DATA PROVIDED:
※ ※ ※

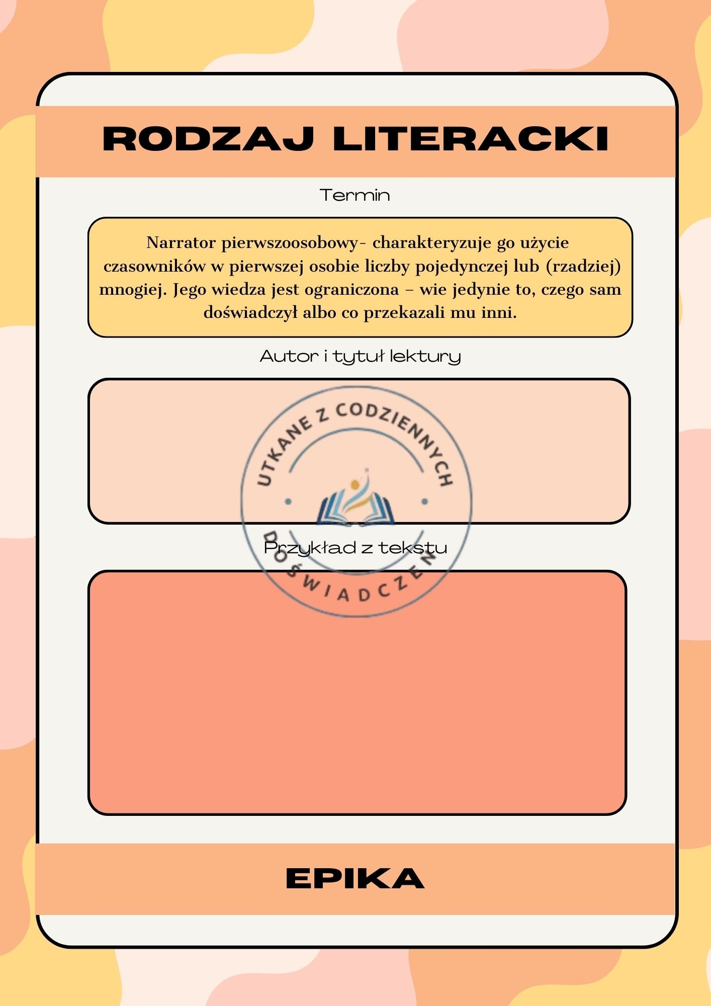 Ten materiał to kompletny, przemyślany i niezwykle praktyczny zestaw kart pracy, który pozwala uczniom zrozumieć, uporządkować i utrwalić najważniejsze pojęcia związane z rodzajami literackimi. Każda karta skupia się na jednym terminie — od didaskaliów, przez narratora wszechwiedzącego, aż po sonet czy hymn — dzięki czemu uczniowie pracują w sposób jasny, uporządkowany i bez przytłoczenia.
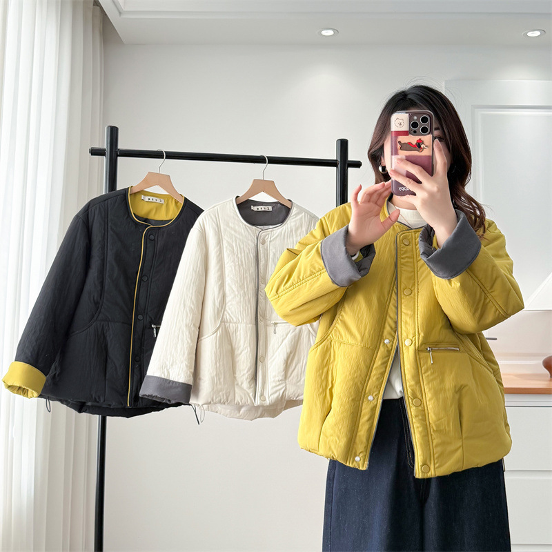 2025秋冬大码撞色棉服女圆领小众时尚棉袄显瘦小众胖妹棉衣8321
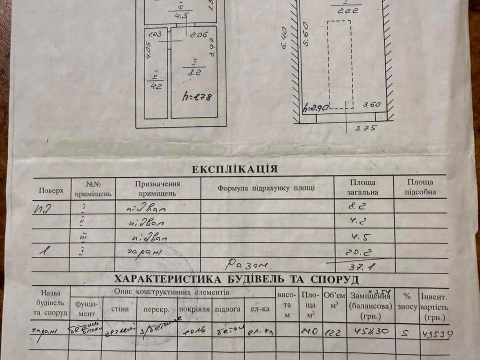 * Гараж: 20 м.кв. (чистий, сухий, підлога та стіни викладено плиткою).

※ ※ ※

WORK INSTRUCTIONS: All of the data must be repeated exactly, except for the pictures.

RESPONSE FOR THIS EXERCISE:
 Ten materiał to kompletny, przemyślany i niezwykle praktyczny zestaw kart pracy, który pozwala uczniom zrozumieć, uporządkować i utrwalić najważniejsze pojęcia związane z rodzajami literackimi. Każda karta skupia się na jednym terminie — od didaskaliów, przez narratora wszechwiedzącego, aż po sonet czy hymn — dzięki czemu uczniowie pracują w sposób jasny, uporządkowany i bez przytłoczenia.
 2025秋冬大码撞色棉服女圆领小众时尚棉袄显瘦小众胖妹棉衣8321
 * Гараж: 20 м.кв. (чистий, сухий, підлога та стіни викладено плиткою).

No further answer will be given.